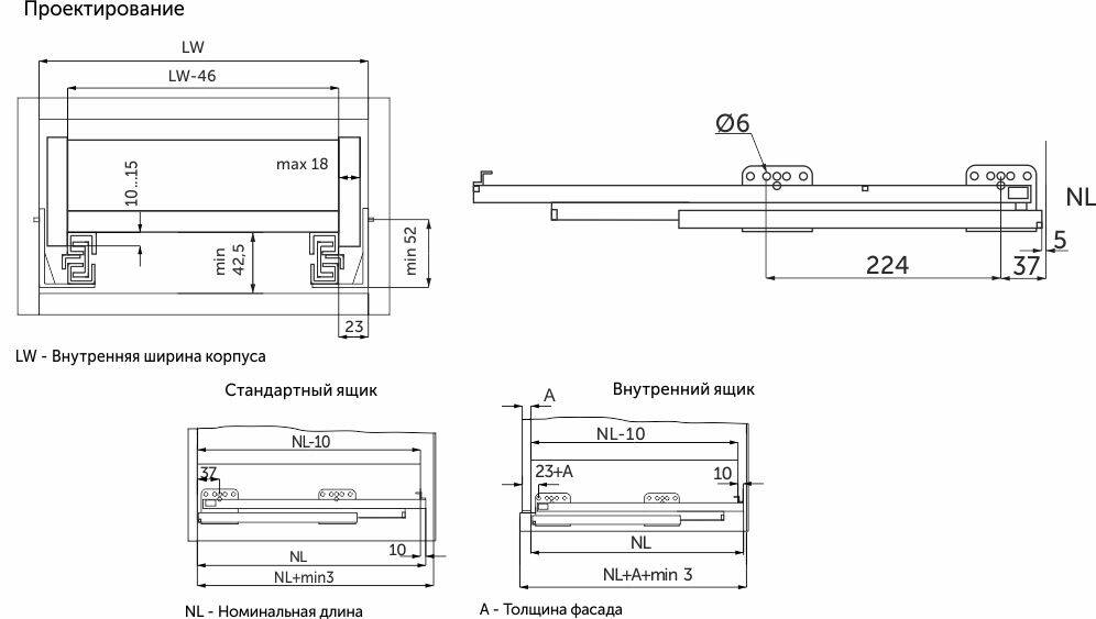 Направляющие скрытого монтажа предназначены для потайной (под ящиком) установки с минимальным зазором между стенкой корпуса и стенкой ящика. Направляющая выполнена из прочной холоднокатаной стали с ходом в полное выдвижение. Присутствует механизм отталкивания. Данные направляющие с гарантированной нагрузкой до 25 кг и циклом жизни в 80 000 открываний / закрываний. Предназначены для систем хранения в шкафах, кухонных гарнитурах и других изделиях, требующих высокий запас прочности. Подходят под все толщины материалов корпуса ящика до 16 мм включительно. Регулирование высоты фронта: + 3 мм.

———

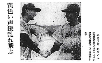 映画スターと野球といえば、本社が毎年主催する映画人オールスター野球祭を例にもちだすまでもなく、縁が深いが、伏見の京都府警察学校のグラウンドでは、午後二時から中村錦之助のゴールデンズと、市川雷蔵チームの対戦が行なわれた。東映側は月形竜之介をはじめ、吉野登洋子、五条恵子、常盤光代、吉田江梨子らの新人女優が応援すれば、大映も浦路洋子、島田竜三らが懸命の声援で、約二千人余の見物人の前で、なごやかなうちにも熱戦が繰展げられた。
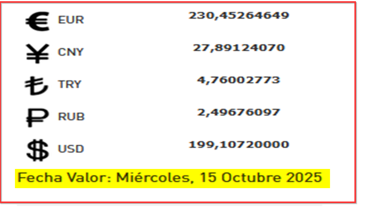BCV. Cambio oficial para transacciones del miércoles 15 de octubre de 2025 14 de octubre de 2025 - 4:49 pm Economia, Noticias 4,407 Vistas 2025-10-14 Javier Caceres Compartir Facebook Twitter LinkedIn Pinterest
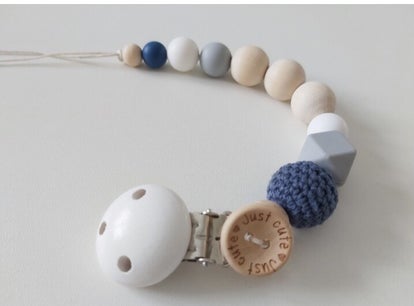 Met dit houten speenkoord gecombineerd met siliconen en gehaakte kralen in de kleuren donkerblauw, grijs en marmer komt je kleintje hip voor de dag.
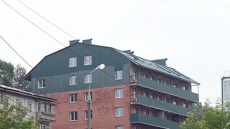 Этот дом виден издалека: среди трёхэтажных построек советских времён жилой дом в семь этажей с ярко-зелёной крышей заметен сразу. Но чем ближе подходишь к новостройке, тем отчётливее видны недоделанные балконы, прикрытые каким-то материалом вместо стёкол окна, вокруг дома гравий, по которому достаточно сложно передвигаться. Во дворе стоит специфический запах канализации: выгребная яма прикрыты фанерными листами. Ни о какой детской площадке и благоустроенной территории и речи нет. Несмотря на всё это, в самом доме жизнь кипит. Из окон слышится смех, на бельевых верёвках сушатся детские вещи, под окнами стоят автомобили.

———

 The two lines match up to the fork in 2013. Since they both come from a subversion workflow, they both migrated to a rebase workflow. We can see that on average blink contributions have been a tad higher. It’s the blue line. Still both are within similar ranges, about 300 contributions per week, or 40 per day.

———

▶ What to work on
Print nothing but the lines above starting with the line that contains "Met dit houten" and going on through the line that contains "Этот дом виден". Leave out the pictures.

▶ Result below
 Met dit houten speenkoord gecombineerd met siliconen en gehaakte kralen in de kleuren donkerblauw, grijs en marmer komt je kleintje hip voor de dag.
 Этот дом виден издалека: среди трёхэтажных построек советских времён жилой дом в семь этажей с ярко-зелёной крышей заметен сразу. Но чем ближе подходишь к новостройке, тем отчётливее видны недоделанные балконы, прикрытые каким-то материалом вместо стёкол окна, вокруг дома гравий, по которому достаточно сложно передвигаться. Во дворе стоит специфический запах канализации: выгребная яма прикрыты фанерными листами. Ни о какой детской площадке и благоустроенной территории и речи нет. Несмотря на всё это, в самом доме жизнь кипит. Из окон слышится смех, на бельевых верёвках сушатся детские вещи, под окнами стоят автомобили.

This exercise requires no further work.